The Russian telecommunications minister has been reassuring visitors to CeBIT that his country is increasing its efforts to crack down on computer misuse.
Leonid Reiman told delegates at the show that Russia is introducing new laws to counter software piracy and online criminal activity.
"We are aware of the problem. We hope we can solve it soon," Reiman told Deutsche Presse-Agentur.
"But problems with copyright, such as piracy and illegal copies, is something that plagues all western industrialised countries, not just Russia."
Reiman went on to deny that Russia is at the heart of the global malware industry, calling such claims a "myth" and saying that many countries around the world are involved.
Although much malware writing has been traced back to Russia, experts have suggested that the business is becoming increasingly global.
"It is difficult to pick on any one country," said Graham Cluley, senior technology consultant at security firm Sophos.
"Nowadays you could have programmers working to contract in one country, while others distribute the code and another group launder the stolen money."

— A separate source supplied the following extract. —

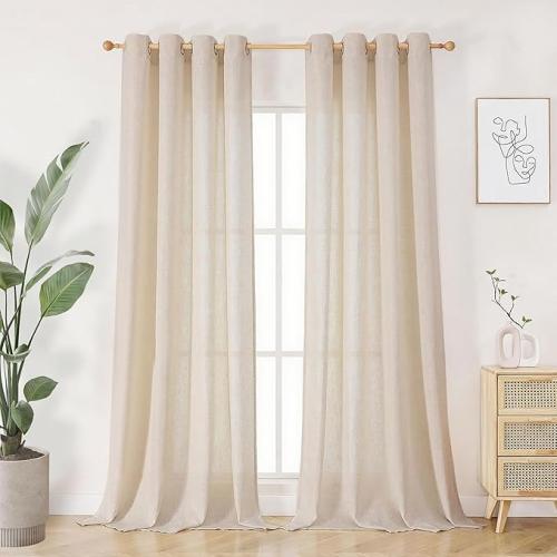 Ongeopend, Joydeco Linnen gordijnen met inslagringen, natuurlijk linnen (bevat echt linnen), 225 x 132 cm (h x b), 2 stuks, voor woonkamer, slaapkamer, doorschijnende gordijnen, B0D3FXG3NB

Russia recently dropped a high profile case of software piracy against a school headmaster after President Putin called it unnecessary, but the country has stopped several other criminal gangs using the internet for crime.
Reiman called for the setting up of an international agency to pool resources to stop malware activity.
Russia is the co-sponsor of this year's CeBIT show, and the number of Russian companies exhibiting has jumped 70 per cent.